What's the rush?
After nearly four decades on the road, Canadian prog heroes Rush are finally coming to Ireland. Geddy Lee talks to KEVIN COURTNEY
You’ve been together since 1974 and have remained friends all this time. Do you think you’ll make it to your 40-year anniversary?
I don’t see any reason not to. We made it this far. If we’re not sick of each other yet, we’re not gonna get sick of each other in the last couple of years. We’ve had moments where we’ve been frustrated and tired and not happy – that happens in life – but I don’t think we’ve ever looked at each other and said: “I don’t wanna do this any more.”
You’ve built your reputation on fast fretwork and skilled musicianship – are you worried that as you get older, you’ll be overtaken by the young musos?
That’s the reason why we’ve been going on tour so much in these last couple of years – it’s through fear of that happening. Right now, and certainly on the last portion of the tour, we feel we’ve been playing as well if not better than we’ve ever played before, so it’s kinda like, “this is working really well, so let’s just ride it”. A musician can evolve into another phase of their life and still be viable. It’s not so easy for an athlete to do that.
This is your first Irish visit. Why have you neglected us?
I don’t know why it worked out that we’ve never come to Ireland before, but we made sure this time – “yeah, let’s go, it’s time”. It seems like every tour I suggest we do that, but it just doesn’t work out. So we’re out of excuses and we’re coming.

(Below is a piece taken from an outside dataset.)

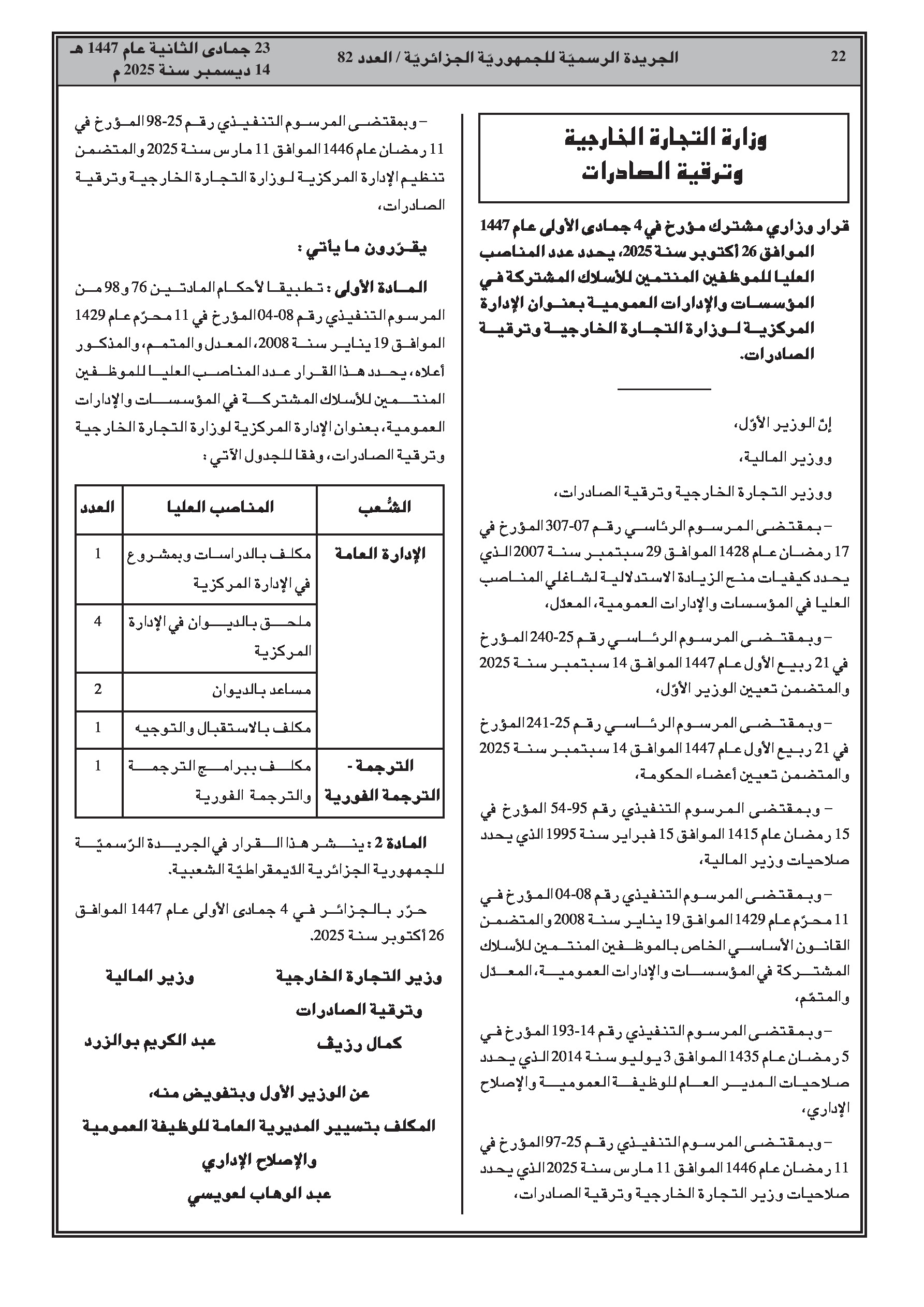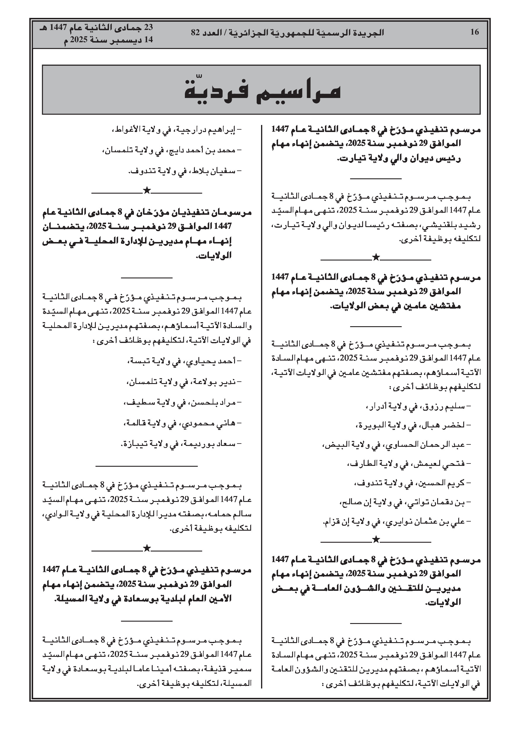 مراسيم تتضمن حركة في سلك رؤساء الدواوين، المفتشين العامين، ومديري التنظيم والشؤون العامة والإدارة المحلية في عدة ولايات.

What’s your live show like this time round? Last tour there were three giant washing machines on stage – was that to represent the different cycles of the band?!
We let our imaginations run wild a bit when we’re setting up our stage show. And we’ve got a really fun set-up at the moment. It’s a journey back to the future. We do a long show – about three hours of music, lots of films and various stage set-ups that we have.
Do women come to your shows of their own free will, or are they mostly dragged there by their husbands?
We let the women in if they insist on coming. Some of them are willing.
You were Canada’s answer to Yes. But who are your contemporaries now? Muse?
I think that rock’n’roll is evolving, and bands like The Rolling Stones have proved that you can age gracefully and keep rocking. I don’t know if there are many bands doing what we do, so in a way we’re one of the last leaves on the prog-rock tree. There are a lot of bands carrying on the tradition in a more modern way, bands like Radiohead and Sigur Rós, those are pretty progressive bands.
Is it hard for virtuoso musicians like yourself to listen to less musically accomplished bands? Are you thinking, “they didn’t quite nail that Locrian mode”?
No, I think you can appreciate something for what it is. I don’t listen to bands that are just like us. I listen to all kinds of music. Most musicians are like that. They keep an open mind when they hear something they think is cool, whether it’s their thing stylistically or not. At the moment, I’m a big fan of a band called Fleet Foxes. I’m one of those old fogies that still likes to buy CDs.
You were inducted into the 2010 Canadian Songwriters Hall of Fame
That was awesome. Any time you get an honour like that it’s pretty awe-inspiring. You scratch your head and try not to think about it for too long. It always means a lot when people who do the same things as you do recognise your work.
Do you have any hobbies? Flying jetliners, perhaps? Extreme potholing?
Alex is a big golfer and he owns part of a golf course. I love to travel with my family or with just my wife — we go on biking and hiking trips. The world is great to crawl around. I think years of playing in arenas has made me, when I go on a trip, want to spend the time outdoors. I’m a big wine lover, and we go to wine regions. Neil is a huge motorcycle enthusiast. He likes to write and travel, and he’s got a child just over a year old. He’s started a second family, so he’s got his hands full.
Do you ever bump into any Irish bands on tour?
In the old days we toured with Thin Lizzy, and we were pretty good pals with those guys, and we did a lot of shows with Rory Gallagher, who was also a really good pal. And Gary Moore. I was really sad to read about [his death], cos he was such a sweet guy.